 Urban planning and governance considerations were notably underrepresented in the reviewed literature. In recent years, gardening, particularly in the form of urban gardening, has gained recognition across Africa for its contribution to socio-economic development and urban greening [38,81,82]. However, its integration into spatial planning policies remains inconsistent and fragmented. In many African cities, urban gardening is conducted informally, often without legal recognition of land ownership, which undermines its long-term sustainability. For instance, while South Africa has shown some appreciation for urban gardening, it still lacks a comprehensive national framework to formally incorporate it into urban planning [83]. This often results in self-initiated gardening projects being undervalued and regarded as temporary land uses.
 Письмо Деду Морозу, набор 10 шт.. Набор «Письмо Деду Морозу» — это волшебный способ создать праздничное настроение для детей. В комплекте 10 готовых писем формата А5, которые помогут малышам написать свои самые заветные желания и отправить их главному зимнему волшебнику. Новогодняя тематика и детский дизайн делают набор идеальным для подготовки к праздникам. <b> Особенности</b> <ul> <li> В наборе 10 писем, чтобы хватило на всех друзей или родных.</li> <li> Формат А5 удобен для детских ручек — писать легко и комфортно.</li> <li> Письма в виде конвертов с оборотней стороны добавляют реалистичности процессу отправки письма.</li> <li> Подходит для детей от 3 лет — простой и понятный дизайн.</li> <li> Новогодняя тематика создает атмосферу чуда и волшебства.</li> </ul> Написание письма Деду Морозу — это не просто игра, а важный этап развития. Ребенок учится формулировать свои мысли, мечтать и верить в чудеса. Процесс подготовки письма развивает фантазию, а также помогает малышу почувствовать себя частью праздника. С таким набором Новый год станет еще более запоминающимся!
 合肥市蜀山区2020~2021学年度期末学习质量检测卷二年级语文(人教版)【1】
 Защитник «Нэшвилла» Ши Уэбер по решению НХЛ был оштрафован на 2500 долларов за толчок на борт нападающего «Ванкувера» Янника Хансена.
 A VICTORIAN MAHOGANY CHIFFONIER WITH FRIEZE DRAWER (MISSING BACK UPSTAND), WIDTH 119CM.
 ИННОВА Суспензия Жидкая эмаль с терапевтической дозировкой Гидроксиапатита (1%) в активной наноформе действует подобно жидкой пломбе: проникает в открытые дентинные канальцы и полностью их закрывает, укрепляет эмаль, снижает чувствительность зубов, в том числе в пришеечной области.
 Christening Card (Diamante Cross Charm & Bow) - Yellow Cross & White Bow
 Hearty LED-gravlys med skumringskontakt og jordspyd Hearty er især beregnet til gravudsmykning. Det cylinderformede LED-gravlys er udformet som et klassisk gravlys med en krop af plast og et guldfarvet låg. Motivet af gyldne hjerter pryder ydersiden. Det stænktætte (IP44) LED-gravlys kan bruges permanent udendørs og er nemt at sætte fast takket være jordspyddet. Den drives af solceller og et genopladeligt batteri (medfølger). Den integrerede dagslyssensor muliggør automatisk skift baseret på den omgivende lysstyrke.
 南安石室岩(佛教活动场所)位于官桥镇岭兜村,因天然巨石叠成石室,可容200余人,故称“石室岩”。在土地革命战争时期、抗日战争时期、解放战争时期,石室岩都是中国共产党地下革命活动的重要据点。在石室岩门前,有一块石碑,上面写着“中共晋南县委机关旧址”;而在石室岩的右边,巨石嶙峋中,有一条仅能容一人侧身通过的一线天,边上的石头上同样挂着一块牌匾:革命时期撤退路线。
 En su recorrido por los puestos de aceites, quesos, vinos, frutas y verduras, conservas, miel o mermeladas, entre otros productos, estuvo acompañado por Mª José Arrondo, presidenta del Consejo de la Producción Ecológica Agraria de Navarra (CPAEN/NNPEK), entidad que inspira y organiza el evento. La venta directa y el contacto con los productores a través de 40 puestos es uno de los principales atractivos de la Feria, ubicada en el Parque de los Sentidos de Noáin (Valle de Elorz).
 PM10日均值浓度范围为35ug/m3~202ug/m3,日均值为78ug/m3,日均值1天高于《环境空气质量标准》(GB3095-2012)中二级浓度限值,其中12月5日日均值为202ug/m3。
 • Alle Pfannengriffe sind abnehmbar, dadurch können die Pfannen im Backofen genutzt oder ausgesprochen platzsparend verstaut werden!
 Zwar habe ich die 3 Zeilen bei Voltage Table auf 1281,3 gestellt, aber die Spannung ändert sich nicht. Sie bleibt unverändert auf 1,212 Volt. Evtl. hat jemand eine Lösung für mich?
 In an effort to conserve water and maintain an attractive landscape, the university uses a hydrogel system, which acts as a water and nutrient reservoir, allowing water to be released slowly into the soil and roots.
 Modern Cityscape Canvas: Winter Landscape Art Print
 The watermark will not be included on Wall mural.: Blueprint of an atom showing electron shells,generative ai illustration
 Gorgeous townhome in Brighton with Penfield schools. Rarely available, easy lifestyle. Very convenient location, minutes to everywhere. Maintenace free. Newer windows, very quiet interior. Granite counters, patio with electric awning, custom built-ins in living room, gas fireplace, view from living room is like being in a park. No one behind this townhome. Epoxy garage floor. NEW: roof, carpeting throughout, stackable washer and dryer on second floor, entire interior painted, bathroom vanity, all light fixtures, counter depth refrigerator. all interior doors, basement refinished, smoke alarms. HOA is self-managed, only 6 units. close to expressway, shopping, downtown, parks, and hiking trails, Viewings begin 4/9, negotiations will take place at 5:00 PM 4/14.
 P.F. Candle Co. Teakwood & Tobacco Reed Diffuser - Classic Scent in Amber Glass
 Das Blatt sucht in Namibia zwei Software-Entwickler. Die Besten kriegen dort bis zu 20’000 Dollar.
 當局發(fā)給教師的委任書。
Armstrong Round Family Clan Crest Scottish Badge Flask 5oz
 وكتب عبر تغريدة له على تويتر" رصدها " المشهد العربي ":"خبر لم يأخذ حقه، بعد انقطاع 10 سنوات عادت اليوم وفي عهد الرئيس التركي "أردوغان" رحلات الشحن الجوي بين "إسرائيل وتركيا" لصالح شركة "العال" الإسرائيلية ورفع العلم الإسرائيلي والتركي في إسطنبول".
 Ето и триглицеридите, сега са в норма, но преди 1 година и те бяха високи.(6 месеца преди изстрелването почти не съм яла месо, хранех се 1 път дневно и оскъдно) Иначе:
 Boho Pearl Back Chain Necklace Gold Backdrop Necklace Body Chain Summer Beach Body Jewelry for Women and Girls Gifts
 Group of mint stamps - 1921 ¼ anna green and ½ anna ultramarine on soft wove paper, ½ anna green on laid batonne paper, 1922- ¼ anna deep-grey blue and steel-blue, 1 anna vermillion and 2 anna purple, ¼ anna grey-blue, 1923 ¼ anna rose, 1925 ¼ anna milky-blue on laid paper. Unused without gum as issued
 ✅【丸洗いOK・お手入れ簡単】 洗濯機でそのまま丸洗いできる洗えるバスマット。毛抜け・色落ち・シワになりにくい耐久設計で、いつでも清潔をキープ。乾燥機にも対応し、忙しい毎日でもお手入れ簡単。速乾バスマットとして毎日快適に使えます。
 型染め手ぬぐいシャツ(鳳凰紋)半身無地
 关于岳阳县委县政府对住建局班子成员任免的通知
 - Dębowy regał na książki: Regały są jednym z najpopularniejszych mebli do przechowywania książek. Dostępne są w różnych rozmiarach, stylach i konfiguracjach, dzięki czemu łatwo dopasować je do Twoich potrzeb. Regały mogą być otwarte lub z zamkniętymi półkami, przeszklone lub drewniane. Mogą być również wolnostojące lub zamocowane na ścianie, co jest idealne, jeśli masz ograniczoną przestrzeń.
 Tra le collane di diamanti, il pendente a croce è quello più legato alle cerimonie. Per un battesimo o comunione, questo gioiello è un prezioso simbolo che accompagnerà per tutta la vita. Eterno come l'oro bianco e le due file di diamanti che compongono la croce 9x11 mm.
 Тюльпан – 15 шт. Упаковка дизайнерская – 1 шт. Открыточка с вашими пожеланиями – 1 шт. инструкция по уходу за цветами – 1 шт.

**Problem requirements:** Beginning at the line above with "合肥市蜀山区2020~202" and finishing at the line with "A VICTORIAN MAHOGANY", return each line exactly and return nothing else.

**Reply to the task:**
 合肥市蜀山区2020~2021学年度期末学习质量检测卷二年级语文(人教版)【1】
 Защитник «Нэшвилла» Ши Уэбер по решению НХЛ был оштрафован на 2500 долларов за толчок на борт нападающего «Ванкувера» Янника Хансена.
 A VICTORIAN MAHOGANY CHIFFONIER WITH FRIEZE DRAWER (MISSING BACK UPSTAND), WIDTH 119CM.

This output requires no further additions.